Your question is not clear to me. Could you clarify what you are trying to do and/or answer the following questions.

• Are you replicating the example for raw MS data shown in the qcmetrics vignette, or are you creating you own QcMetric objects?
• What is your input format, and what operability with MSnbase are you referring to?
• Are you trying to use the qcmetrics package to generate quality reports, or are you interested in creating a table with these variables to analyse independently?

0
11 months ago by
TURKEY/Mugla/Mugla Sitki Kocman University
Eralp Dogu0 wrote:

Hi Laurent,

Thanks a lot for your interest! We are developing an R package and a Shiny app for monitoring longitudinal QC data. We are creating control charts and other statistical methods to analyze instrument performance over time. We were able to generate csv files through Skyline that includes Acquired Time, Peptide seq, Annotations and any corresponding metrics of interest such that retention time and peak area for this particular peptide and time. Details are available via our paper and the shiny app. Trying the shiny app with the sample data will give a better idea about the input data we need.

1. Initially, I tried to replicate raw MS data in qcmetrics package. But the ultimate goal is to automatically create QCMetrics objects to be used in a converter function.

2. We want to create a converter for users that are using msnbase and/or qcmetrics packages. The converter will generate a csv file using qcmetrics objects. I think compatibility with qcmetrics package is a better approach but please let me know if you have any better ideas. The converter will be quite similar to what MSstats team did previously to convert but this time specifically for QC data. https://github.com/MeenaChoi/MSstats/blob/master/R/TransformMSnSet.R

3. Rather than quality reports, I need a data table (csv) including each time point and peptide per metric.

Here is my quick code chuck as the initial converter...

#' A function to convert MSnbase files to MSstatsQC format
#'
#' @param msfile data file to be converted
#' @return A data frame that can be used with MSstatsQC
#' @keywords MSnbase, qcmetrics, input
#' @export
#' @import MSnbase
#' @import qcmetrics
#' @examples
#' dontrun{MSstatsQCdata<- MSnbaseToMSstatsQC(msfile)}

MSnbaseToMSstatsQC  <-  function(msfile) {

data <- readMSData(msfile, verbose = FALSE)

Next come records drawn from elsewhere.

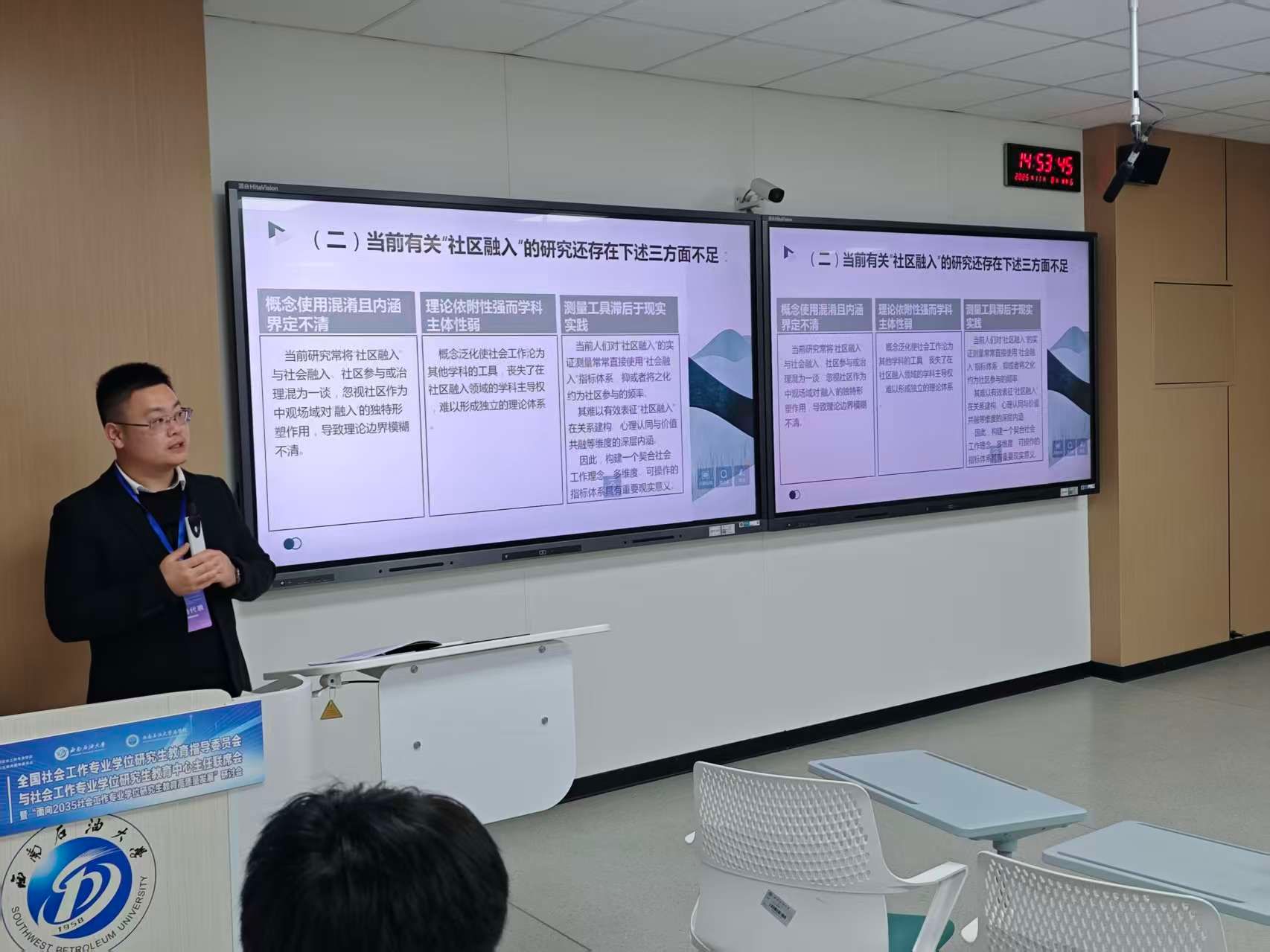 本次会议设6个分论坛,于8日下午在西南石油大学博学楼会议室展开讨论。近百余名与会学者围绕中国式现代化与新时代社会工作高质量发展、社会工作研究生课程思政与产教融合、社会工作中国实践创新与中国自主社会工作理论知识构建、服务治国理政下的社会工作高质量发展、乡村振兴与农村社会工作、数字化时代的社会工作6个专题展开主题汇报。杨宇航代表川北医学院管理学院MSW教育中心在“专业社会工作实务创新与社会治理转型”分论坛作了题为“社区融入:一个社会工作学科的标识性概念”的发言。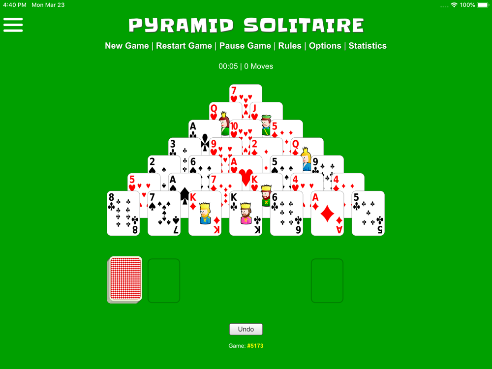 CardGames.io is a collection of all your favorite card games, solitaire and puzzle games. It features 35 different games including the card games Hearts, Spades, Cribbage, Euchre, Gin Rummy, Rummy, Pinochle, Thirteen (Tien Len), Crazy Eights and Go Fish, the solitaires Klondike (classic solitaire), FreeCell, Spider, Clock, Pyramid, and puzzle and board games like Backgammon, Reversi, Checkers, Chess and Yatzy.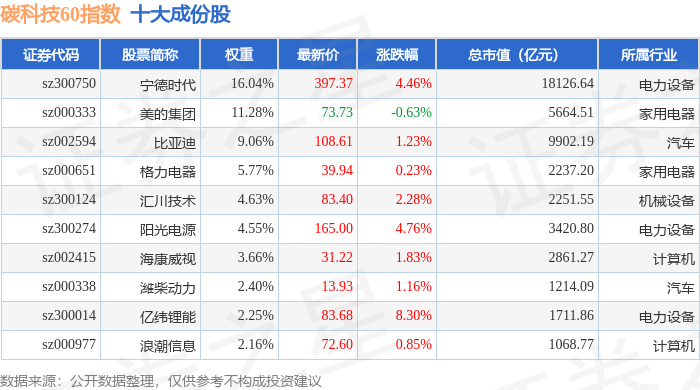 碳科技60(399060)指数十大成份股详情如下:

if (!inherits(data, "MSnExp")) {
stop("Only MSnSet class can be converted to input format for MSstats.")
}

qc <- QcMetric(name = "NULL")

#Examples of metrics that can be monotired ###############################
RetentionTime <- rtime(data)
PrecursorIntensity <- precursorIntensity(data)
##########################################################################
qcdata(qc, "RetentionTime") <- RetentionTime
qcdata(qc, "PrecursorIntensity") <- PrecursorIntensity

MSstatsQCdata <- c()
MSstatsQCdata <- data.frame(setNames(lapply(ls(qc@qcdata), get, envir=qc@qcdata), ls(qc@qcdata)))
MSstatsQCdata <- data.frame(AcquiredTime=seq_along(RetentionTime), Precursor=NA, Annotations=NA, MSstatsQCdata)

## if there are any missing variable name, warn it and stop
check.name <- c("AcquiredTime", "Precursor", "Annotations", "RetentionTime", "PrecursorIntensity")

diff.name <- setdiff(check.name, colnames(MSstatsQCdata))
if (length(diff.name) > 0){
stop(paste("Please check the variable name. The provided variable name", paste(diff.name, collapse=","), "is not present in the data set.", sep=" "))
}
return(MSstatsQCdata)
}

Eralp

Hi Eralp,

The function above looks sensible. I would suggest you use readMSData2 as it will be much faster (it won't read the raw data into memory), but you'll need to make sure you also define the MS level that you wish to read (by default, it reads all levels). Also, you can probably drop the c() initialisation.

If you have your code in a repo, it's would probably be easier to discuss the code there, rather than here, on the forum.

Thanks Laurent! We can discuss the code here.

Back to my original question, do you know a way to pull out peptide sequences?

Peptide sequences are not available when one only calls readMSData[2], as this function only accesses data from the raw files. But it is possible to add the identifiction data to the raw MSnExp objects using addIdentificationData. Then, the identification results, including the peptide sequences, will be available in the feature data.